At the same time, however, the cost of managing the ATM channel is growing as well. This situation is driving further technology investments, with the major focus being on lowering the cost base. The key issues facing the ATM channel, and how they can be addressed through technological advancements, were presented during the ATM Industry Association's (ATMIA's) Europe conference in London in June 2010.
A typical mid-size or larger bricks-and-mortar bank has at least two business models for the ATM channel. One is in-branch and bank-branded, self-expanded, off-premise ATMs based on legacy infrastructure and processes and an aging banking network, and with many services associated with branch management. In this model, multi-vendor monitoring is required (including in-branch management), with multiple support structures for software and services. The other model is typically based on a newer off-premise ATM fleet that has recently been expanded, most probably through a partner such as a retailer, a food chain, a gas station chain or a post office. The newer network is normally managed as a separate channel, with more streamlined processes and more optimized vendor management.

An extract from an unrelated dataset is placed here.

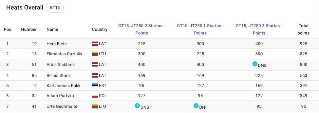 Savukārt GT15 laivu klasē abus pirmos braucienus pārliecinoši uzvarēja Ardis Slakteris. Tomēr tehniska neveiksme neļāva piedalīties pēdējā braucienā, un kopvērtējumā uzvarēja latviete Hēra Žaklīna Biete. Ceturtais kopvērtējumā – Reinis Stūris.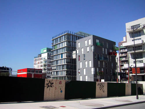 un peu plus loin, les immeubles en question, tout prêts de la future université. Dans un instant je vais me manger une pancarte Kaufman & Broad en pleine gueule.

While the existing overall models are functioning reasonably well, there is still a huge opportunity to increase efficiency through, for example, the integration of the support model (sub-contract field engineers, cash in transit, telecommunications), more accurate resource management of network peak times, and the optimization of hardware replacement strategy (basically, creating a center of excellence for the entire ATM channel management under one umbrella). Ovum expects this to accelerate. Additionally, given the fact that vendors able to provide integrated services are emerging, such a reengineering of processes and the underlying infrastructure is becoming much more feasible to manage. Diebold, First Data and Sociedade Interbancaria de Servicos all presented ATM management services during the ATMIA event.
Cash is king, but this does not change the fact that the costs associated with cash management are relatively high when compared to more efficient electronic payment methods. The main reasons for the expense of cash are related to staff, transport, insurance, security and clearing. However, it is also important to mention unrealized revenues when cash in circulation is poorly optimized. The key issue is that cash management processes are labor-intensive. While the introduction of ATMs has significantly lowered the cost of dispensing cash, the cost of manual dispensing at the bank counter remains relatively high. The situation with deposit-taking is quite similar, as the level of automation is rather low, despite recent technological innovations.
The focus is now on minimizing cash handling costs through the elimination of manual processes and a reduction in the volume of cash banks have in circulation. Technology can be leveraged for intelligent cash recycling and also for the optimization, management and monitoring of cash logistics among bank branches, cash in transit companies and central banks. Wincor Nixdorf and Nautilus Hyosung highlighted their cash recycling technologies during the ATMIA event, with Wincor also focusing on the management of the entire cash cycle.